In the present work, we show that tamoxifen(Tam)-induced cytotoxicity is due to the mitochondrial-dependent pathway triggered by the intracellular $Ca^{2+}$ increase in MCF-7 human breast cancer cells. Tam induced the intracellular $Ca^{2+}$ increase. According to the experimental results with $Ca^{2+}$ channel blockers, Tam-induced $Ca^{2+}$ uptake seemed to depend on the voltage-sensitive $Ca^{2+}$ channel at the early stage, but at later stages the intracellular $Ca^{2+}$ increases are more likely due partly to the release of stored $Ca^{2+}$ and partly to the capacitative $Ca^{2+}$ or other entry pathways.
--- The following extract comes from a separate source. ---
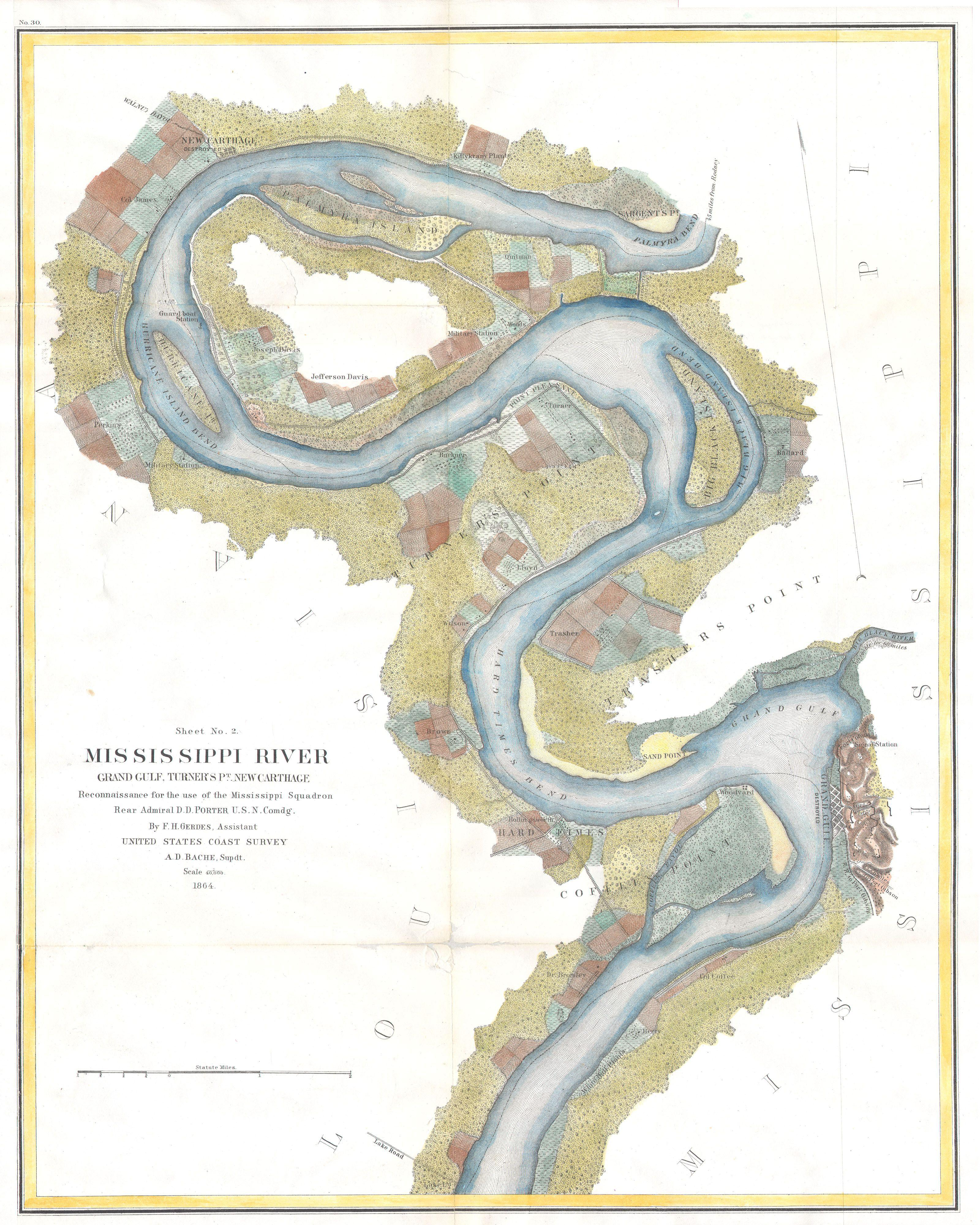 This is a beautiful hand colored 1864 United States Costal Survey chart or map of a sinuous part of the Mississippi River from Grand Gulf, Mississippi to New Carthage, Louisiana. The bends in the river are named, as are the many river islands shown. Notes towns, wood lots, landings and farms, many of which are shown with family names. This map is especially important for Civil War buffs as it includes the Jefferson Davis Plantation. This map was created under the direction of A. D. Bache, Superintendent of the Survey of the Coast of the United States and one of the most influential American cartographers of the 19th century.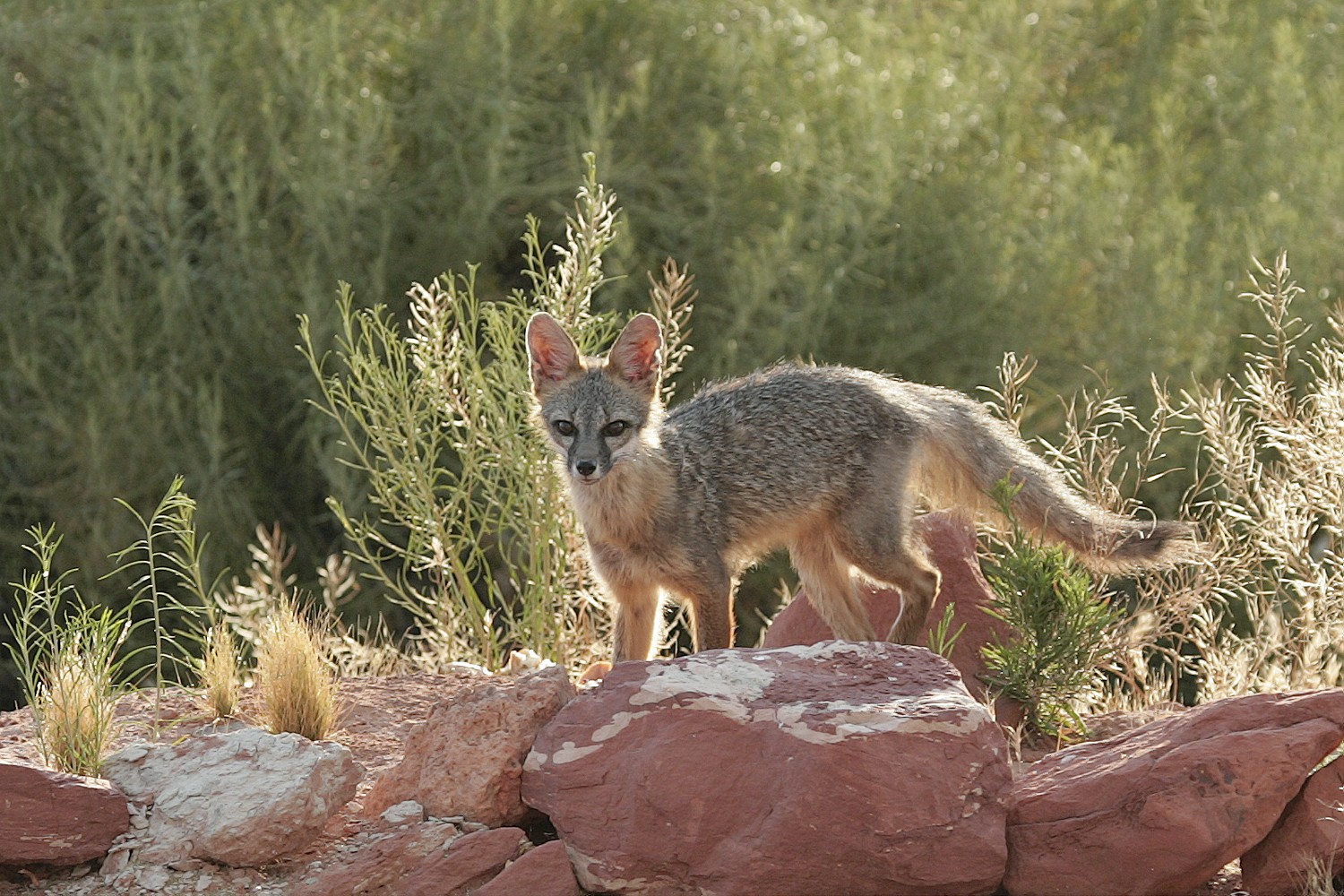 A kit fox around a dessert in southern Utah.

Tam-induced $Ca^{2+}$ increase led to the release of cytochrome c from mitochondria into the cytosol and the change of mitochondrial membrane potential. In MCF-7 cells, caspase-7 plays a key role in the downstream of apoptosis because caspase-3 is absent. In the cells treated with Tam, caspase-7 cleavage was increased almost two-fold. There was no marked alteration in the level of anti-apoptotic Bcl-2 protein; however, the cells showed increased expression of pro-apoptotic Bax protein more than two-fold in response to Tam. These results imply that the apoptotic signaling pathway activated by Tam is likely to be mediated via the mitochondrial-dependent pathway.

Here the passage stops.